State's money-saving idea goes awry

Last modified: 7/22/2011 12:00:00 AM
Putting a state budget together is a messy process borne by lawmakers and government officials working long hours in painstaking detail. But every once in a while, something gets screwed up.

When Gov. John Lynch asked Terry Smith, the head of the state Division of Family Assistance, to find reductions within his division, one of the ideas Smith proposed was counting an individual's supplemental funding through the Social Security Administration toward his or her household income when calculating how much federal assistance a low-income, single-parent family receives.

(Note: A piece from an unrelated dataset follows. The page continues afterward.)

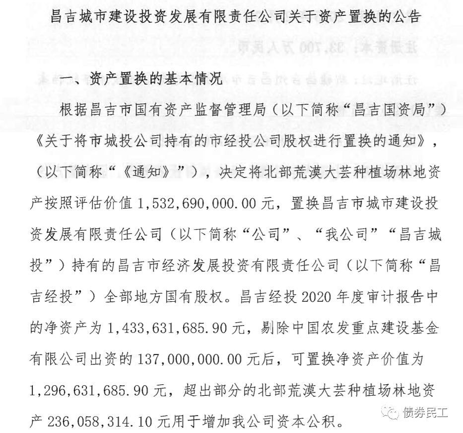 1、根據(jù)昌吉城市建設(shè)投資發(fā)展有限責(zé)任公司2021年9月23日發(fā)布的公告,擬將北部荒漠大蕓種植場(chǎng)林地資產(chǎn)用于置換公司的全資子公司昌吉市經(jīng)濟(jì)發(fā)展投資有限責(zé)任公司的股權(quán)。根據(jù)公告內(nèi)容,本次資產(chǎn)置換的主要目的是深化昌吉市的國(guó)有企業(yè)改革,調(diào)整優(yōu)化國(guó)有資本布局。公司的控股股東是昌吉市國(guó)有資產(chǎn)投資經(jīng)營(yíng)有限責(zé)任公司,實(shí)際控制人是昌吉市國(guó)有資產(chǎn)監(jiān)督管理局。公司的主體信用評(píng)級(jí)為AA,存續(xù)債券金額為14.80億元。
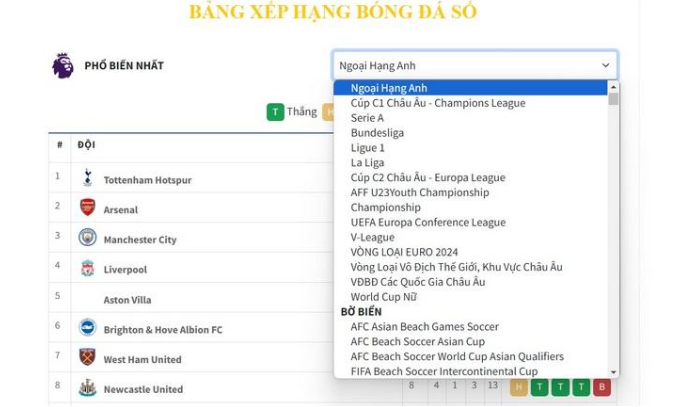Website cung cấp thông tin bóng đá tiện dụng

The move was budgeted to save about $8.1 million annually - $3.8 million in state money and $4.3 million in federal dollars that can be used elsewhere, Smith said. But at the moment, those savings aren't being realized, because the budget didn't include a change to state law that would allow Supplemental Security Income - which is designed to help poor people who are elderly, blind or disabled - to be counted when determining the amount of money a family receives from the Temporary Assistance for Needy Families program.

'I'm not quite sure how the mistake was made. All I know is it didn't make it into the budget bill. I think a lot of people share blame,' Smith said. Now, 'we have a lot of money that we have to spend and no money to spend. Our finance people are scrambling.'

About 6,100 families receive Temporary Assistance for Needy Families, funded by a federal block grant that also requires cost-sharing by the state. If the Supplemental Security Income is counted for the recipients, Smith said his office estimated that 1,136 TANF cases would be closed and funding to 420 families would be reduced.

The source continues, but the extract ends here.